* [Exercise requirements]
Transcribe every line of the material below without change, apart from dropping the pictures.

* [Recorded data]
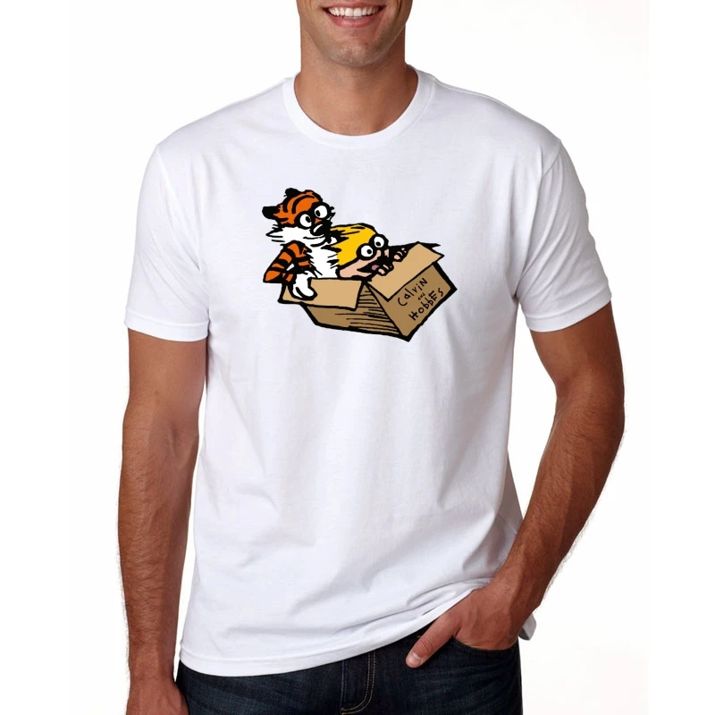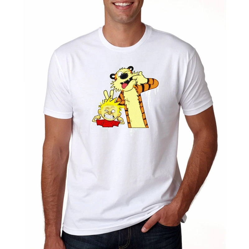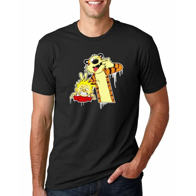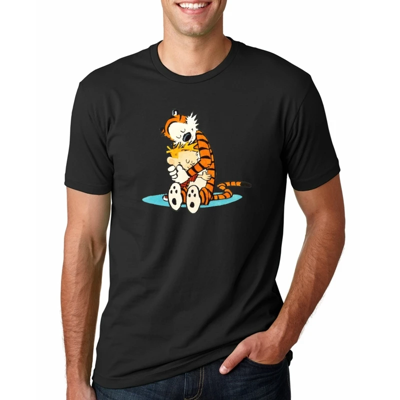 Кельвин и Хоббс 4 Новинка Горячая Распродажа Черная Мужская футболка хлопок
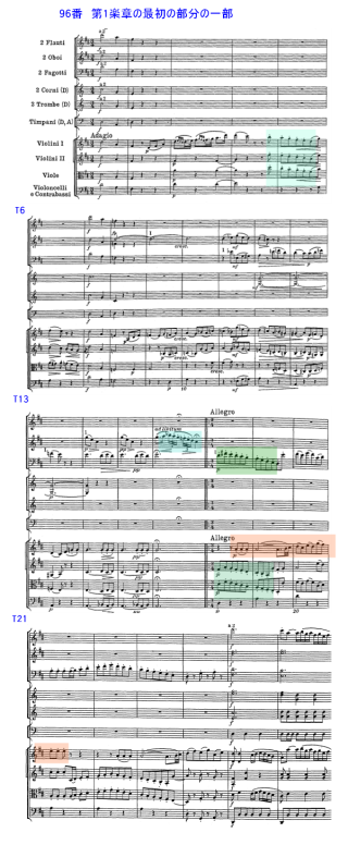 池辺晋一郎 氏 著 「ハイドンの音符たち」にもこの記述がある。音符としての象徴の視点から分析し、私の苦手な和音などが多く登場して、理解が難しい部分も多い。この序奏と第1主題に関しては理解がしやすい。第1主題は、通常は紙面の関係もあっ譜例は1段のみが多い。しかしこのNo.96の第1楽章の第1主題に関しては、主旋律と対旋律がセットになっていることもあり2段で掲載されている。序奏のT5の下降する動機とT18からの第2vn.の下降する動機の共通性の指摘がある。
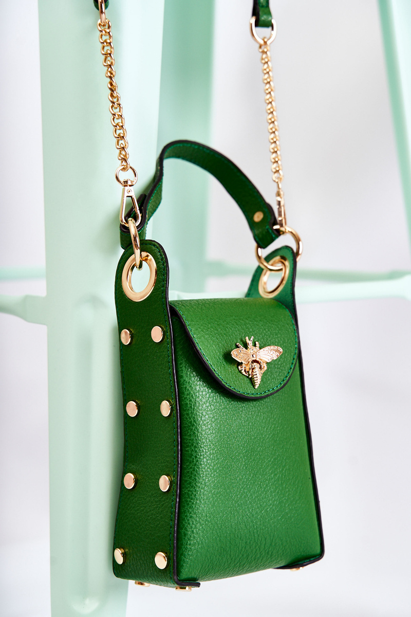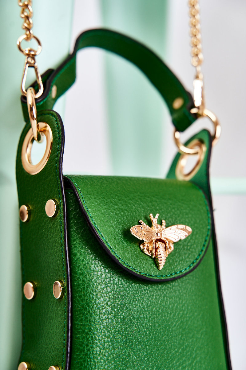 Маленька жіноча сумочка з еко шкіри. Має нерозбірну ручку, яка не регулюється. Відділення закривається клапаном із засувкою. На передній частині розташована декоративна емблема у вигляді комахи. З боків сумки розміщені декоративні шпильки. Додатково до сумки додається регульований знімний ремінь з ланцюжком. Ця сумка – хіт сезону, тому не зволікайте і купуйте її вже сьогодні! Перегляньте також інші моделі сумок, які є в нашій пропозиції!

* [Answer space]
 Кельвин и Хоббс 4 Новинка Горячая Распродажа Черная Мужская футболка хлопок
 池辺晋一郎 氏 著 「ハイドンの音符たち」にもこの記述がある。音符としての象徴の視点から分析し、私の苦手な和音などが多く登場して、理解が難しい部分も多い。この序奏と第1主題に関しては理解がしやすい。第1主題は、通常は紙面の関係もあっ譜例は1段のみが多い。しかしこのNo.96の第1楽章の第1主題に関しては、主旋律と対旋律がセットになっていることもあり2段で掲載されている。序奏のT5の下降する動機とT18からの第2vn.の下降する動機の共通性の指摘がある。
 Маленька жіноча сумочка з еко шкіри. Має нерозбірну ручку, яка не регулюється. Відділення закривається клапаном із засувкою. На передній частині розташована декоративна емблема у вигляді комахи. З боків сумки розміщені декоративні шпильки. Додатково до сумки додається регульований знімний ремінь з ланцюжком. Ця сумка – хіт сезону, тому не зволікайте і купуйте її вже сьогодні! Перегляньте також інші моделі сумок, які є в нашій пропозиції!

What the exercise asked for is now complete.